▶ _DATASET SECTION_

========

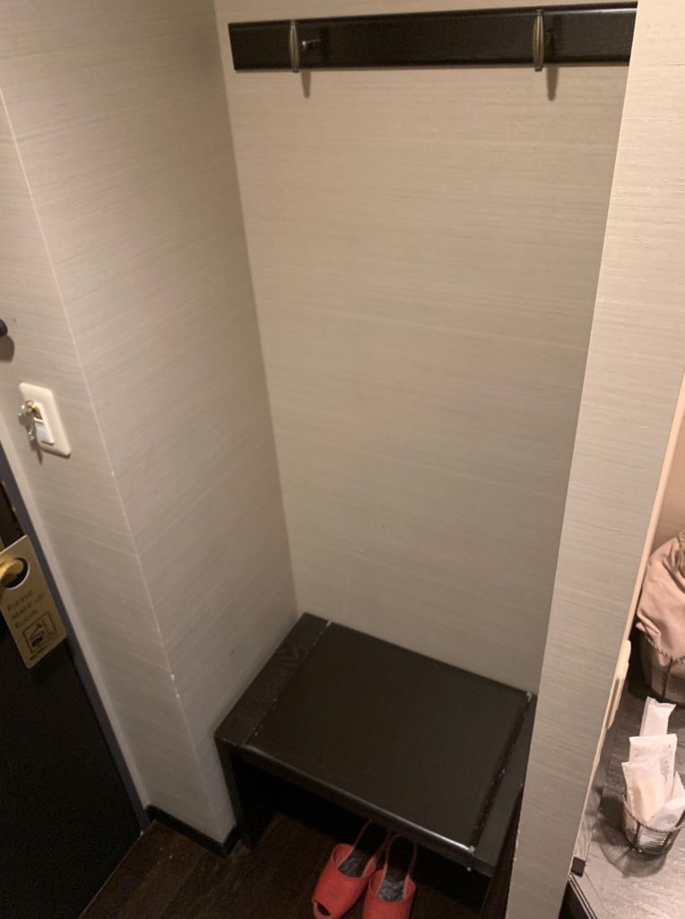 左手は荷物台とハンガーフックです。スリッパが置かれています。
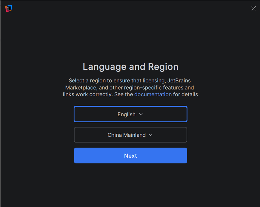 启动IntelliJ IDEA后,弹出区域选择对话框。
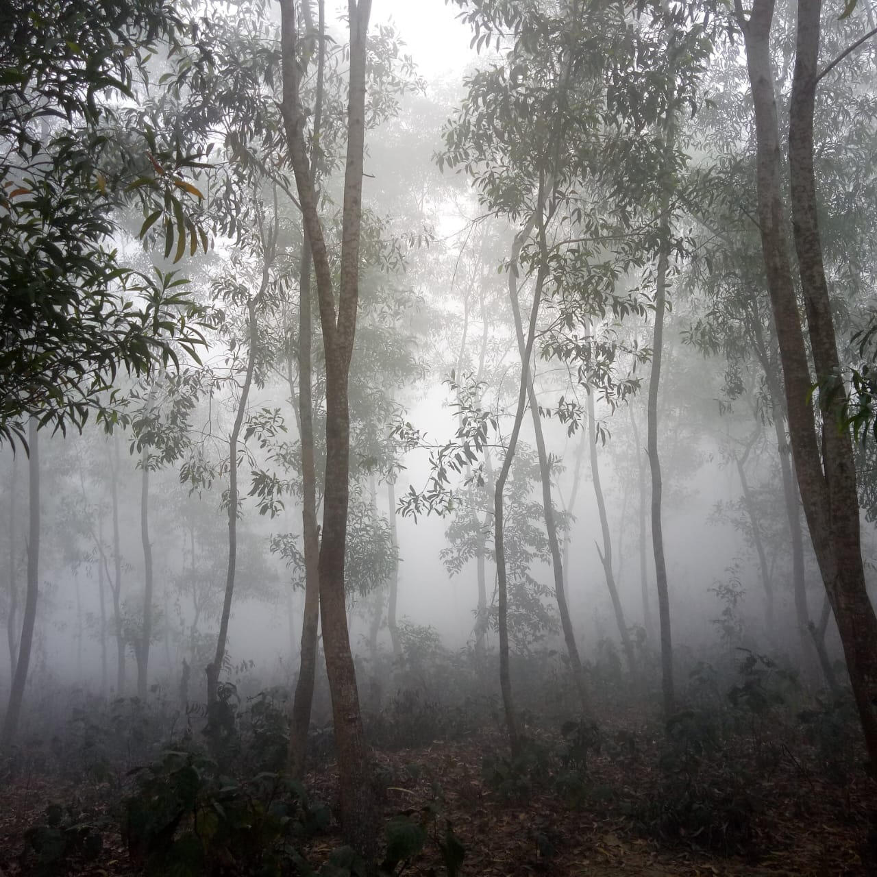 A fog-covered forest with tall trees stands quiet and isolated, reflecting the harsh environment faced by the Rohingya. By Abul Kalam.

========

▶ _PROBLEM TO WORK ON_
Whenever a picture appears in the listing, leave it out; copy everything else exactly.

▶ _YOUR RESPONSE_
 左手は荷物台とハンガーフックです。スリッパが置かれています。
 启动IntelliJ IDEA后,弹出区域选择对话框。
 A fog-covered forest with tall trees stands quiet and isolated, reflecting the harsh environment faced by the Rohingya. By Abul Kalam.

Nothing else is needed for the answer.